:: Task details ::
Return exactly the lines from the start of the records below through the line containing "弗利少女内衣女外穿夏季薄款无钢圈白色背心式文胸细吊带一体胸衣", both ends included, and leave out the pictures.

:: Dataset items ::
######

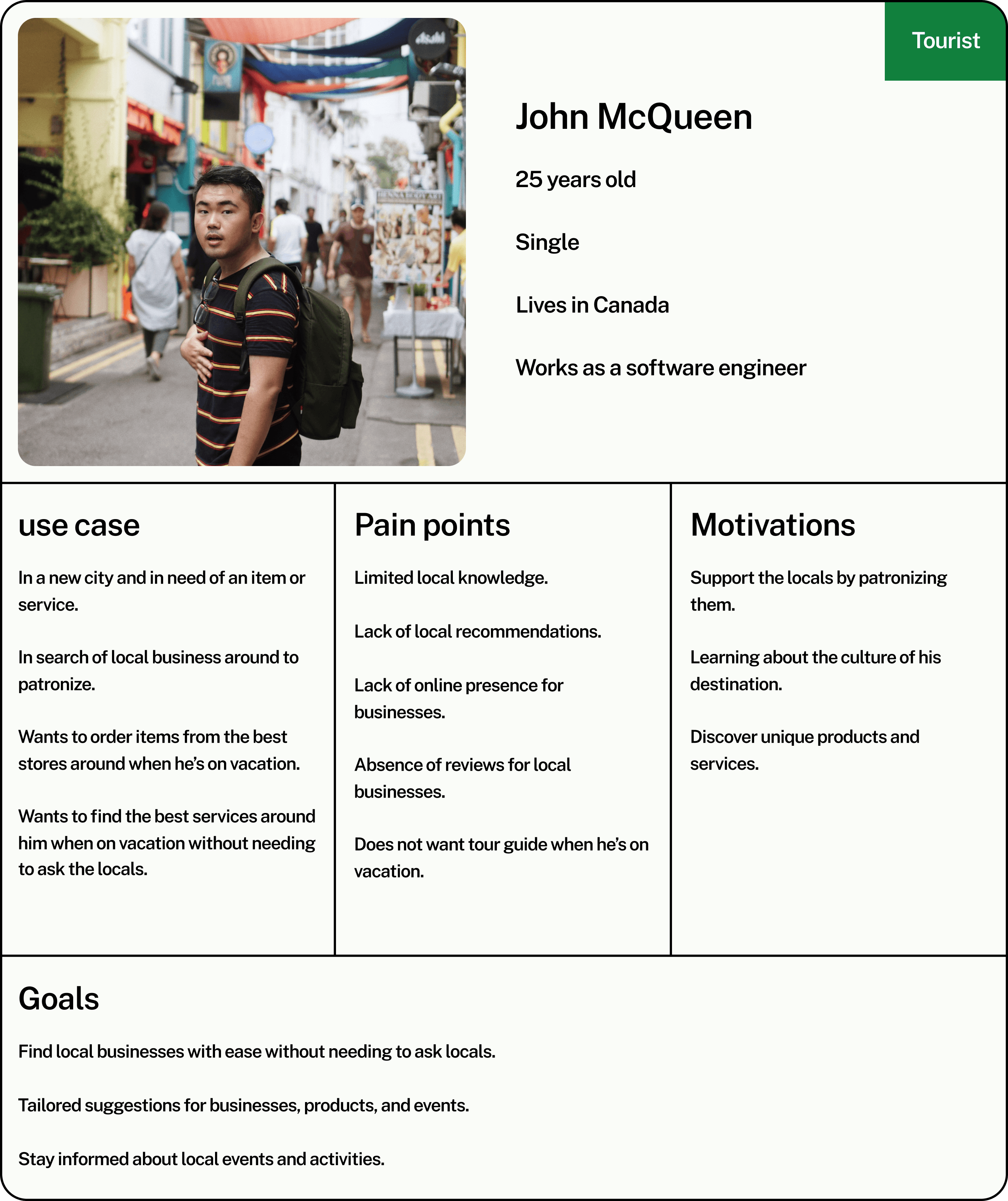 Knowing who your users is quite important to how a product works. The Bahamas is known for their tourism, therefore the app was targeted at the indigneous people of the Bahamas, tourists, and business owners
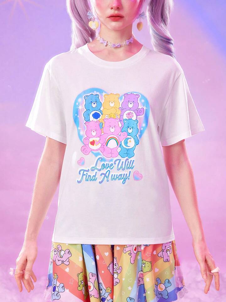 ROMWE X Care Bears Camiseta de manga corta para mujer con gráfico de oso de peluche con forma de corazón linda
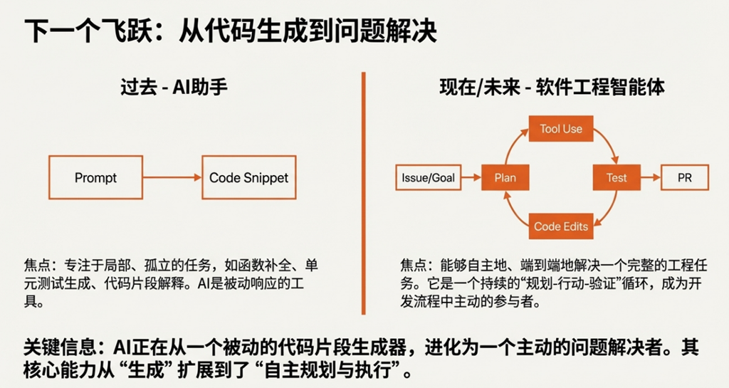 • 实现端到端的软件工程自动化 软件工程智能体(SWE Agents)的出现标志着一个重要的战略转折点。它们不再仅仅是辅助工具,而是致力于覆盖从需求工程(5.1.1节)、软件开发(5.1.2节)、软件测试(5.1.3节)到软件维护(5.1.4节)的整个软件生命周期。如ChatDev和MetaGPT等端到端框架的探索,预示着软件开发正从“AI辅助编程”迈向“AI自主软件开发”的全新范式,这有望实现软件生产力的数量级提升。
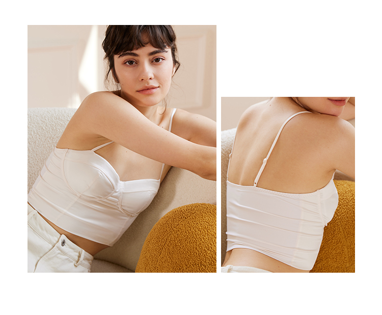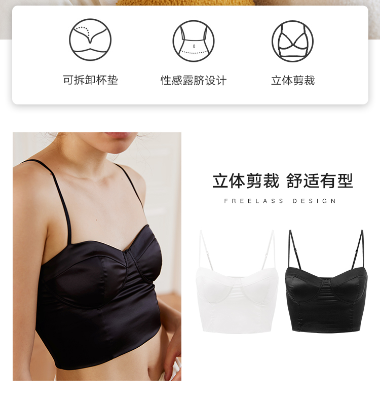 弗利少女内衣女外穿夏季薄款无钢圈白色背心式文胸细吊带一体胸衣
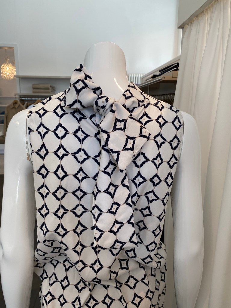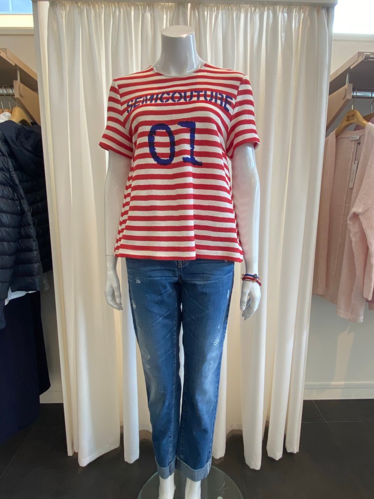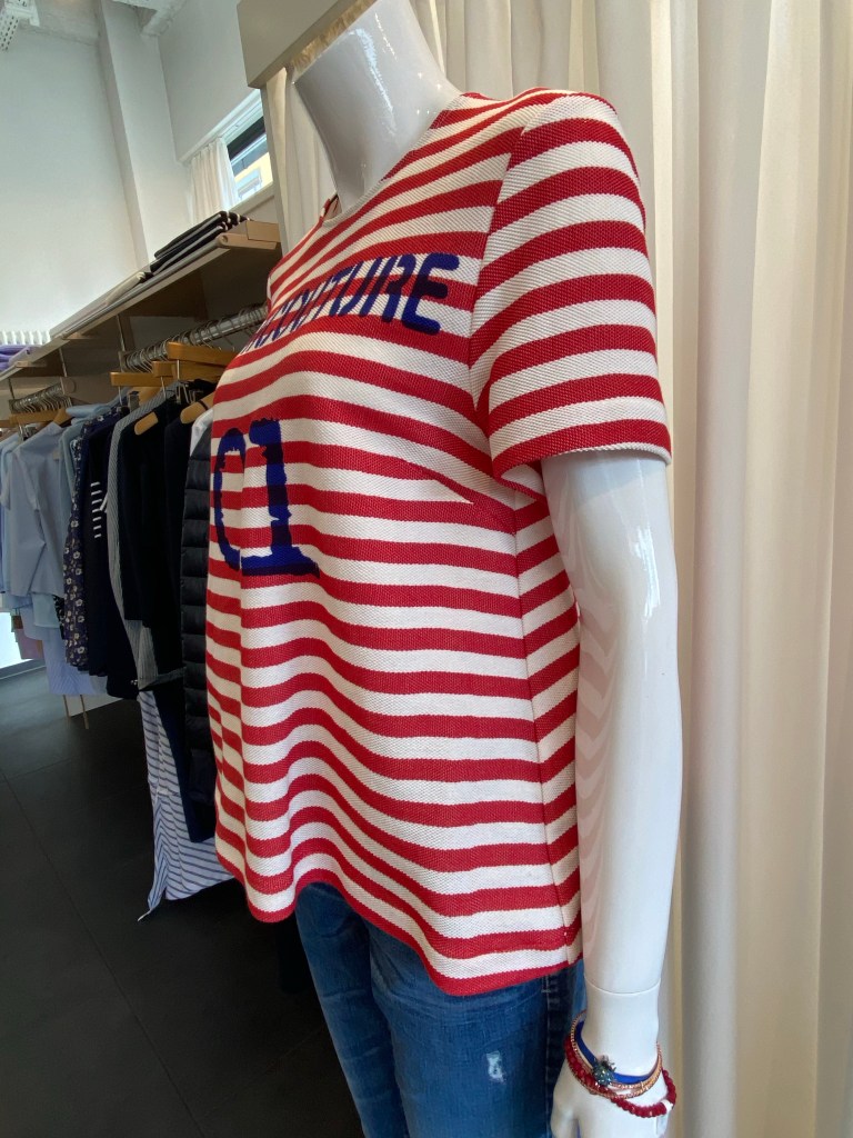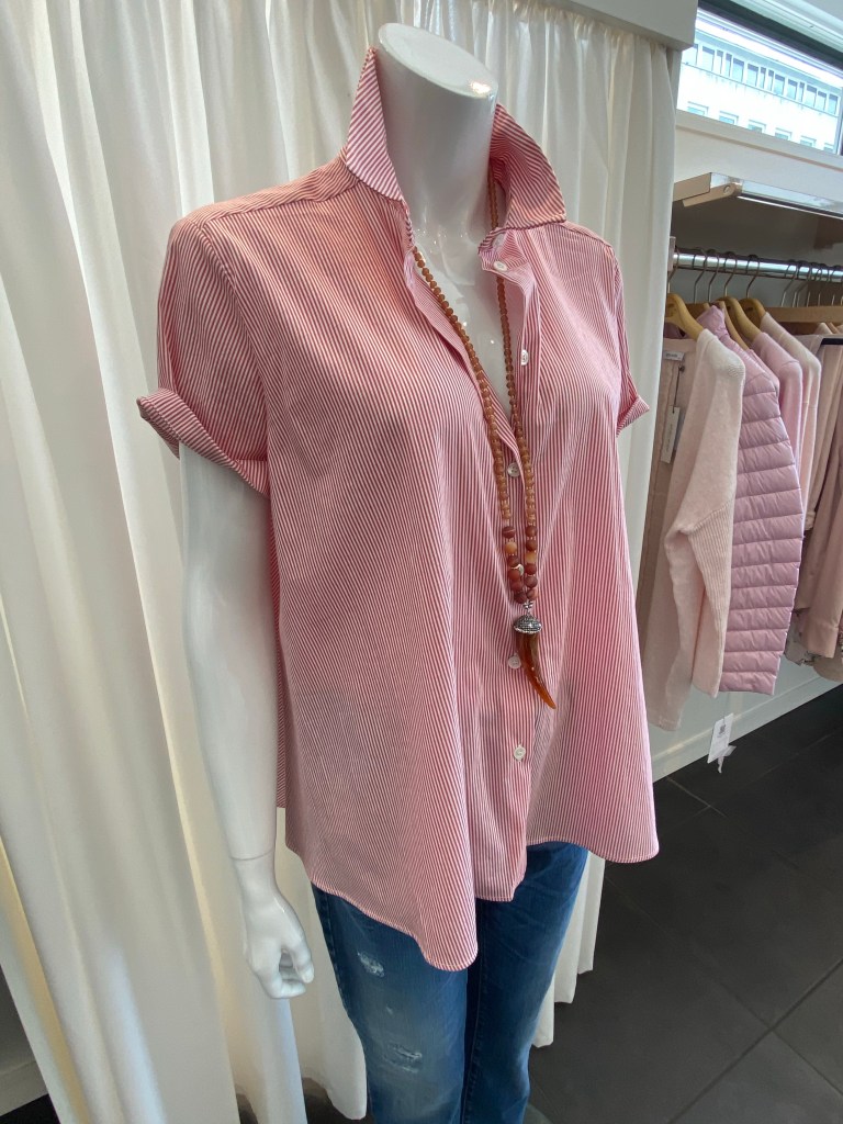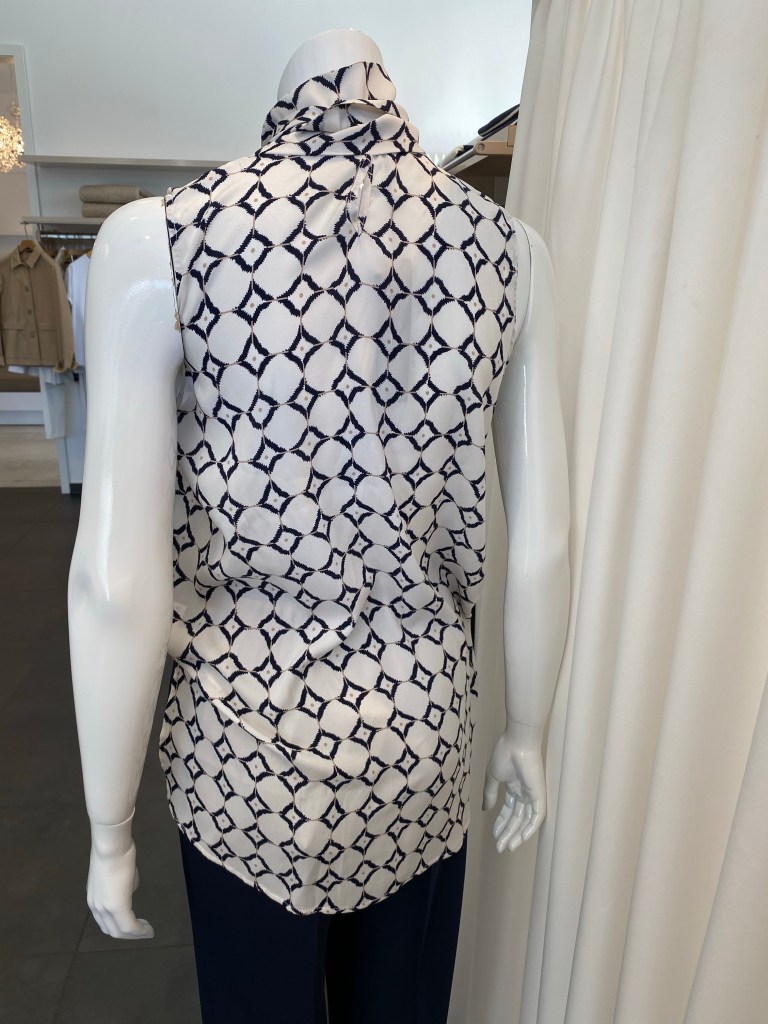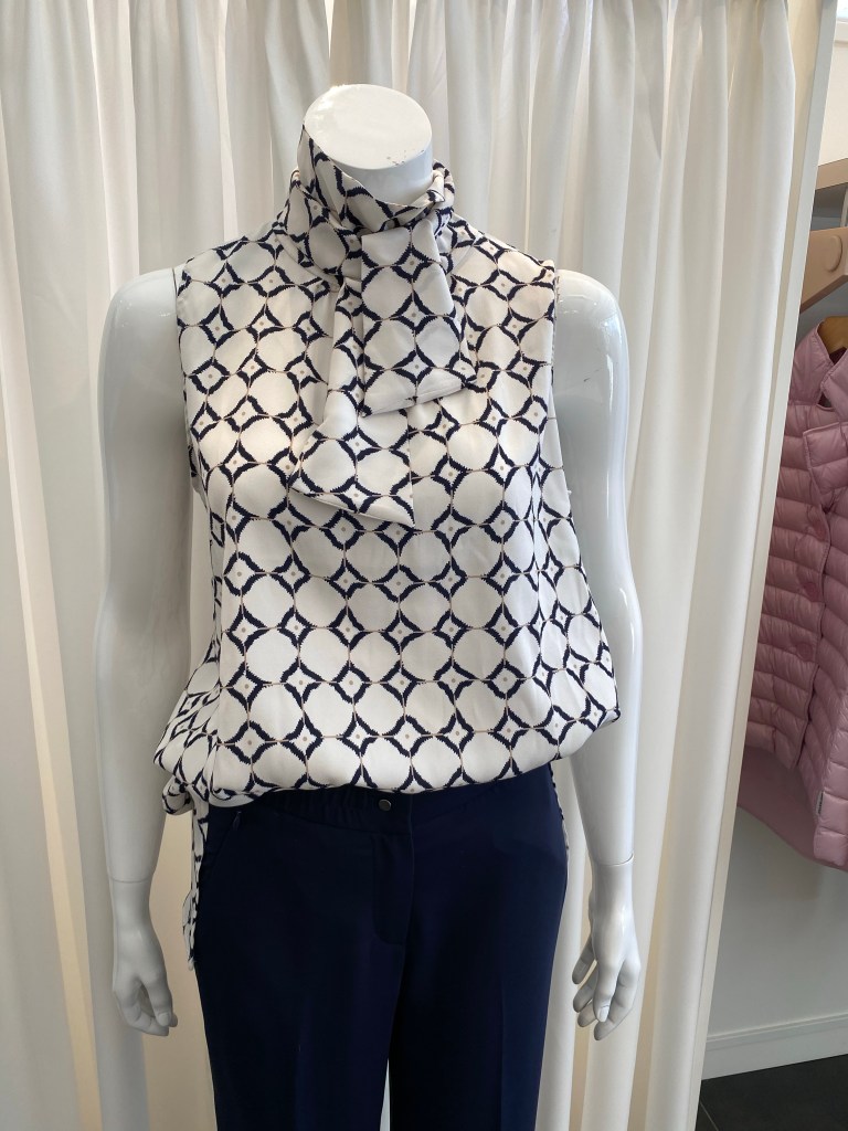 Um dem Rock auch sportlich zu kombinieren und auch passend für die Bermuda, möchten wir noch dieses Top in den Newsletter aufnehmen. Sportliches Piquee und feminine Details bilden einen guten Kontrast.

######

:: Your response ::
 Knowing who your users is quite important to how a product works. The Bahamas is known for their tourism, therefore the app was targeted at the indigneous people of the Bahamas, tourists, and business owners
 ROMWE X Care Bears Camiseta de manga corta para mujer con gráfico de oso de peluche con forma de corazón linda
 • 实现端到端的软件工程自动化 软件工程智能体(SWE Agents)的出现标志着一个重要的战略转折点。它们不再仅仅是辅助工具,而是致力于覆盖从需求工程(5.1.1节)、软件开发(5.1.2节)、软件测试(5.1.3节)到软件维护(5.1.4节)的整个软件生命周期。如ChatDev和MetaGPT等端到端框架的探索,预示着软件开发正从“AI辅助编程”迈向“AI自主软件开发”的全新范式,这有望实现软件生产力的数量级提升。
 弗利少女内衣女外穿夏季薄款无钢圈白色背心式文胸细吊带一体胸衣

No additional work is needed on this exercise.